Lenny Goldberg, a lobbyist with The Utility Reform Network, called the two-hour discussion “a frank exchange of views”–ordinarily, the sort of assessment diplomats make after a particularly unpleasant meeting. “The governor was listening and learning,” he said.

Goldberg said all sides did agree on one thing: They supported a lawsuit filed by Edison against the Federal Energy Regulatory Commission demanding that it cap rates in California’s wholesale electricity market.

Goldberg also said consumer advocates warned the utility executives and Davis that there are myriad consumer issues to deal with if the PUC chooses to lift the rate freeze imposed under deregulation. “We told them it would be disastrous to simply announce the end of the rate freeze,” he said.
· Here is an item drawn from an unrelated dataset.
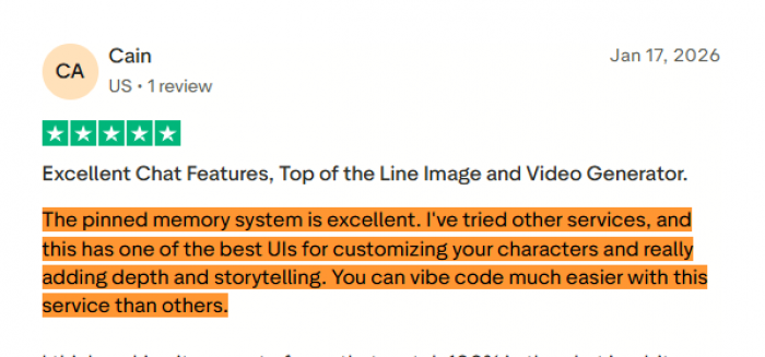 Exceptional AI intelligence: Users praise the system's ability to generate compelling stories and characters while facilitating engaging conversations. The AI maintains context across sessions without the repetitive loops affecting competitor platforms.

One of the consumer advocates, Harvey Rosenfield of the Santa Monica-based Foundation for Taxpayer and Consumer Rights, suggested that the utilities make consumers partners in a bailout by giving them shares of stock. One of the utility representatives, speaking on condition of anonymity, rolled his eyes when asked about Rosenfield’s idea and said he considered it one of many impractical suggestions floated by the consumer groups.